I also reworked some of the steps and code , so that you can run more of the steps within the QIIME 2 environment (prior code had you jumping back and forth between QIIME 1 and QIIME 2). In general, use the latest version, or follow the steps outlined in the pipeline of my original post.
I hope this clarifies things!
Got it! Thank you!
Thoughts on my question regarding advantages of using primer locations as opposed to primer sequences to train the classifier? I saw your comment about it retaining more sequences and was wondering if you could expand on it more.
Sorry I may not have framed that question properly before.
I prefer to extract the amplicon region from an alignment rather than a primer search because of one simple issue: the reality that a primer can, and often does, amplify DNA in which it was not intended to amplify. This is called specificity:
“… defined as the frequency with which a mis-priming event occurs. Primers with mediocre to poor specificity tend to produce PCR products with extra unrelated and undesirable amplicons”.
That is, I often like to know exactly where my “off-target amplicons” are coming from. By retaining as much of the reference data set in my classifier, even those that may not be a great “string match” of the primer to a given reference sequence, enables me to classify more of these off-targets, i.e. less sequences being returned as “unclassified”. This is my worry of using a primer match (even with adjustments to the mismatch parameters). However, that being said…
- The caveat of using alignment positions is that it assumes you have a well-curated and trustworthy alignment, in which those alignment positions are meaningful for the group(s) under investigation! That is, your gene can be globally aligned.
- Depending on the amplicon under study, e.g. Fungal ITS, using primer search to extract your region of interest is your only recourse, as some marker genes are very difficult (nay impossible!) to globally align.
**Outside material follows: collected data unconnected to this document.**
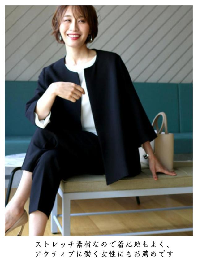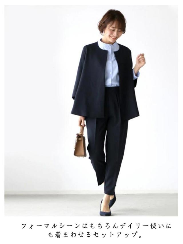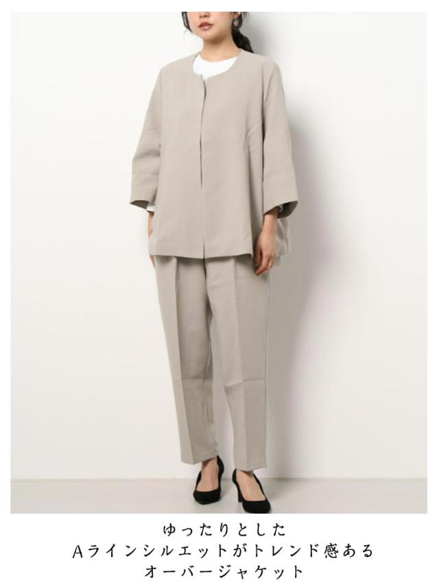| 上品さと実用性を兼ね備えた女性らしいスーツセット ゆったりとしたAラインシルエットがトレンド感あるオーバージャケット パンツはセンターにタックが入っており、ヒップとお腹周りをすっきり見せてくれるテーパードパンツタイプです。 フォーマルシーンはもちろんデイリー使いにも着まわせるセットアップ。 ストレッチ素材なので着心地もよく、アクティブに働く女性にもお薦めです | |
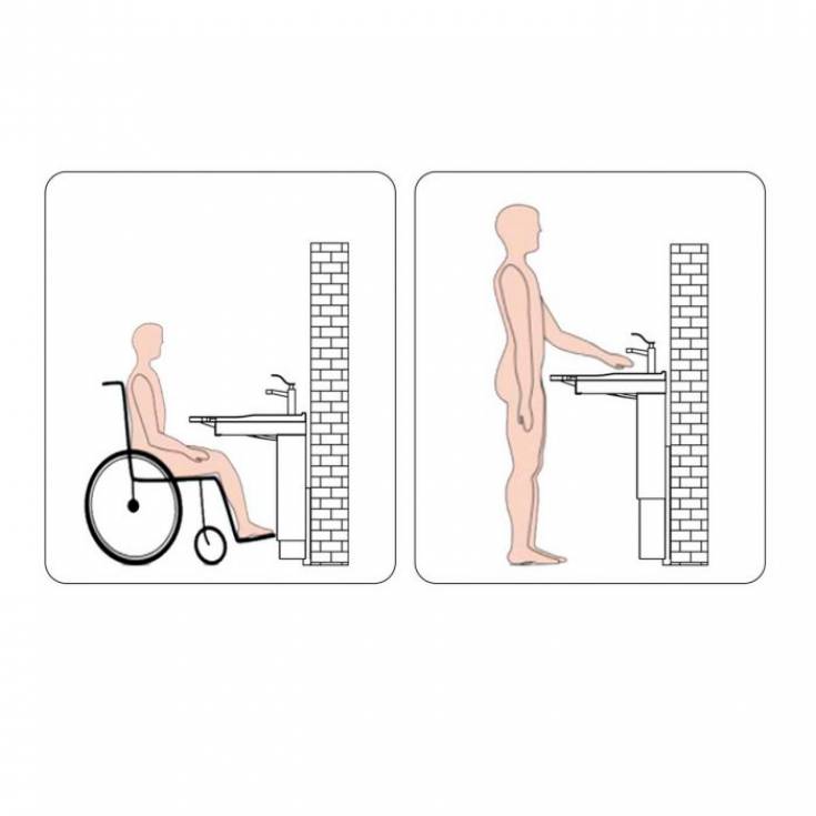 Специально разработанная раковина с регулятором высоты для инвалидов-колясочников обеспечивает удобство пользования.
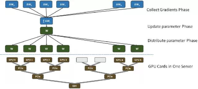 DNN的数据并行框架通过同步随机梯度下降进行训练。数据并行训练中,每个GPU卡各自训练,并各自产生一份梯度值,然后进行参数交换。图2. 展示了参数交换过程。每台GPU服务器配置6块GPU卡,其中四块通过树状的PCIe连接,并与另外两块GPU卡通过IOH连接。参数交换过程从逻辑上看,梯度收集阶段将全部梯度值累加起来,然后应用到当前模型以更新参数得到新模型,最后在模型分发阶段将新模型下发给全部GPU卡。采用数据并行后,相对于单卡训练过程,关键的问题是参数交换过程引入额外时间消耗,拖累了并行性能,使得加速比很难提高。我们通过一个精心设计的拓扑完成参数交换,提升整体性能。此外,我们采用近似的自适应学习率算法,使得支持自适应学习率所需交换的数据量降低了一个数量级。
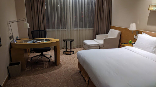 Read moreStayed in a deluxe room booked through an agent. Large hotel, big rooms.||||Each room has tea and coffee making facilities, shampoo, shower gel and conditioner in dispensable bottles attached to the wall, also moisturiser lotion next to sink. Also comes with complimentary tooth brush, tooth paste the usual stuff, slippers and robes, iron and ironing board.||||Cons: the window in our room did not close properly so could be noisy for others, think it was 1620. Unfortunately the temperature is fixed in the rooms so you cannot switch the aircon on or have it lower and so we kept our windows open. luckily it wasn’t extremely hot and we could bear it but the other room we had with the children needed to request a room fan. ||||Breakfast - was good, varied chinese and Western - would say more catered for Chinese taste but still good! still has fried eggs, bacon and baked beans!! ||||staff are friendly and welcoming. ||||Location is close to a supermarket about 5 mins around the corner, there is also a good bbq restaurant there too, walk about 15 mins more and there are tons of eateries close by. We were about 45 mins from high speed main station and about 1 hour to the airport.||||Can’t say how close we were||to any attraction as we had booked a...
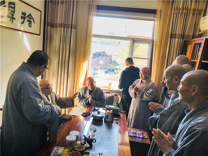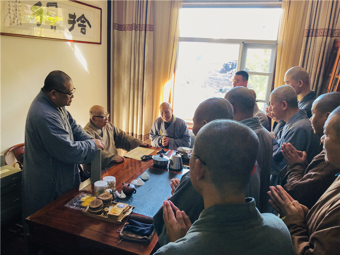 2018年10月28日上午9时,庐山东林寺法主和尚传印长老于东林寺上客堂亲切接见了祖庭主要班首执事。
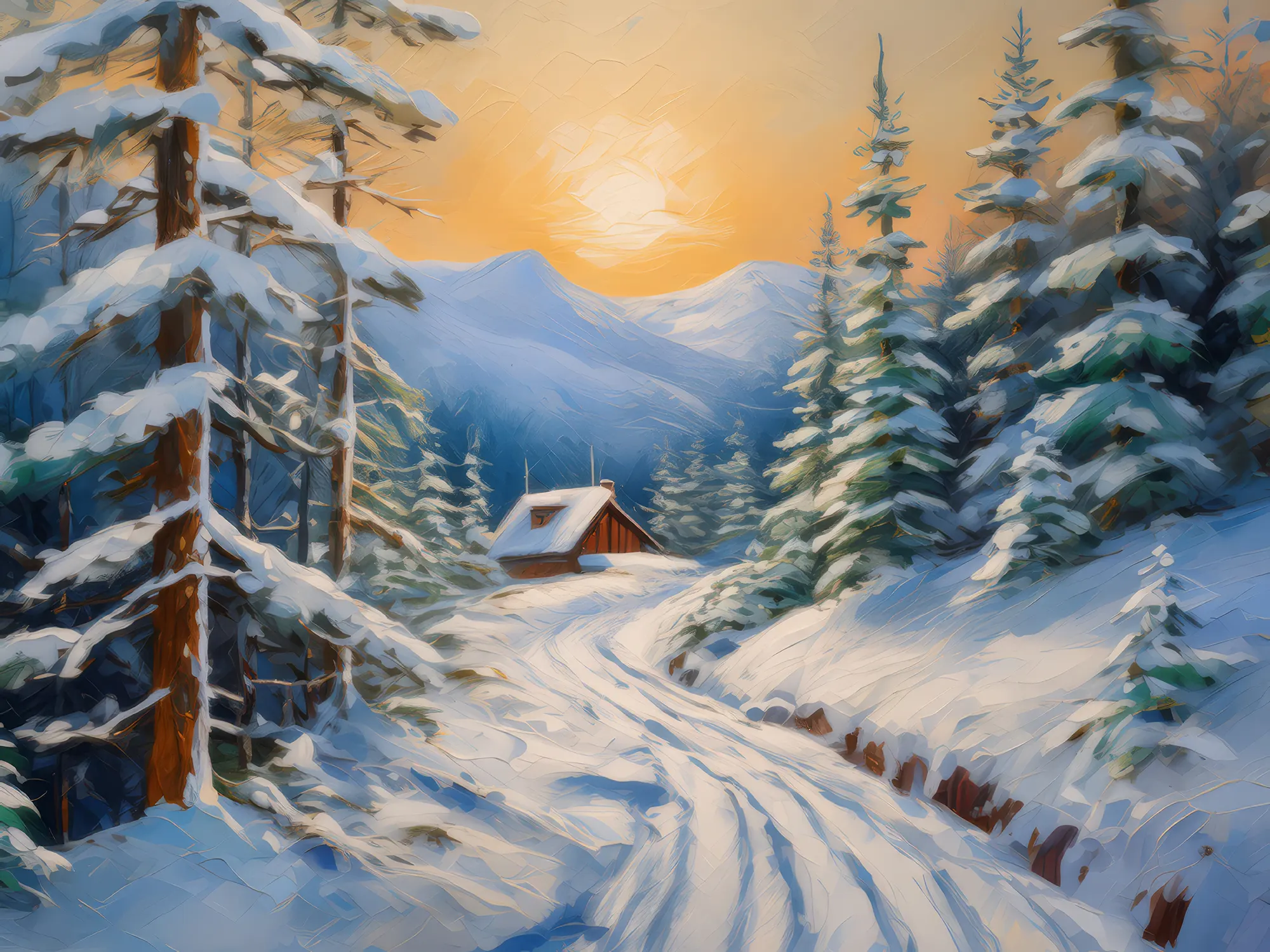 A secluded backcountry trail covered in fresh snow, with ski tracks winding through frosty pines and a distant cabin emitting a cozy glow.

In a nutshell , for the 16S rRNA gene data, using the curated alignment to exctract the amplicon region of interest saves me from having to run BLAST (or another tool) on most of my “unclassified” sequences, as my off-targets will be readily classified.
-Does this help?
Yes, this is great. Thank you!
@SoilRotifer Thank you for providing the qiime compatible files for silva release 138. I’m going to be using qiime 2020.2, and so I see from another user’s post that I’ll have to train the classifier, using the sequence and taxonomy .qza files you provided. I used the primers 515/806R for my sequencing. If I use the files in the EMP_V4_515f-806r folder, would I then start in at the ‘Train the classifier’ step, as explained here (i.e. I could skip the ‘Extract reference reads’ step)? Thank you!
Correct, you can skip right to the training step.